26.4 k-Nearest Neighbor (kNN) Clustering

k-Nearest Neighbor (kNN) is primarily known as a classification algorithm, but it can also be used for clustering, particularly in the context of density-based clustering. Density-based clustering identifies regions in the data space where the density of data points is higher, and it groups points in these high-density regions. The core idea of kNN clustering is to assign each data point to a cluster based on the density of its neighbors. A data point becomes a core point if it has at least a specified number of neighbors within a certain distance.

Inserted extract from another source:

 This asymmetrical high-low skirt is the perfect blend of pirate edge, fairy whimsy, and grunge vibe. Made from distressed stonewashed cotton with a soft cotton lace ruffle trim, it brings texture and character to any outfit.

using Random, NearestNeighbors, CairoMakie

# Generate synthetic data
Random.seed!(1234)
data = rand(2, 10) # 10 points with 2 dimensions
println("Dataset:\n", data)

# Create a KD-tree for efficient nearest neighbor search
kdtree = KDTree(data)

# Define a query point (for which we want to find nearest neighbors)
query_point = [0.5, 0.5]

# Specify how many neighbors to find
k = 3
indices, distances = knn(kdtree, query_point, k)

# Display the results
println("\nQuery Point: ", query_point)
println("Indices of Nearest Neighbors: ", indices)
println("Distances to Nearest Neighbors: ", distances)

# Visualize the points and the query
f = Figure()
axis = Axis(f[1, 1], title="Nearest Neighbors Search")
scatter!(data[1, :], data[2, :], label="Data Points", color=:blue)
scatter!([query_point[1]], [query_point[2]], label="Query Point",
    color=:red, marker=:cross, markersize=10)

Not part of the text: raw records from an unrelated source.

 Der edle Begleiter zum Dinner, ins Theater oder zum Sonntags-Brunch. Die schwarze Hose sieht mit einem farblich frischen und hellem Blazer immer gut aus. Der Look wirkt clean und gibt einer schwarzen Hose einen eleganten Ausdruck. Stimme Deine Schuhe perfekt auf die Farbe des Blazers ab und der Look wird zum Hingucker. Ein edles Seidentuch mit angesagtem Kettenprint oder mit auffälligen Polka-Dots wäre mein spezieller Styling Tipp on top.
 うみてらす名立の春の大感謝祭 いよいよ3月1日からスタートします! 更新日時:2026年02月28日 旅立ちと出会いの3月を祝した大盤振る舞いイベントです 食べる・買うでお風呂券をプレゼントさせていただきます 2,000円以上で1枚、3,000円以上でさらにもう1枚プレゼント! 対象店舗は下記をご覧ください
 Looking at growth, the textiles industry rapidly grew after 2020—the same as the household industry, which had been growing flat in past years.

# Highlight nearest neighbors
for idx in indices
    lines!([query_point[1], data[1, idx]], [query_point[2], data[2, idx]], color=:black)
end
f

Dataset:
[0.5798621201341324 0.9721360824554687 … 0.13102565622085904 0.5743234852783174; 0.4112941179498505 0.014908849285099945 … 0.9464532262313834 0.6776499075995779]

Query Point: [0.5, 0.5]
Indices of Nearest Neighbors: [3, 6, 1]
Distances to Nearest Neighbors: [0.14103817169408245, 0.07597457975710152, 0.11935950629343954]

indices point to the nearest policies and distances report the Euclidean distance in the scaled space. Replace the numeric embedding with any other feature matrix (cosine-normalized TF‑IDF vectors, CNN image embeddings) to reuse the same workflow, or feed the neighbor set into downstream analytics (experience weighting, peer benchmarking). If the query point falls outside the observed min–max range, clip or rescale to keep the distances interpretable.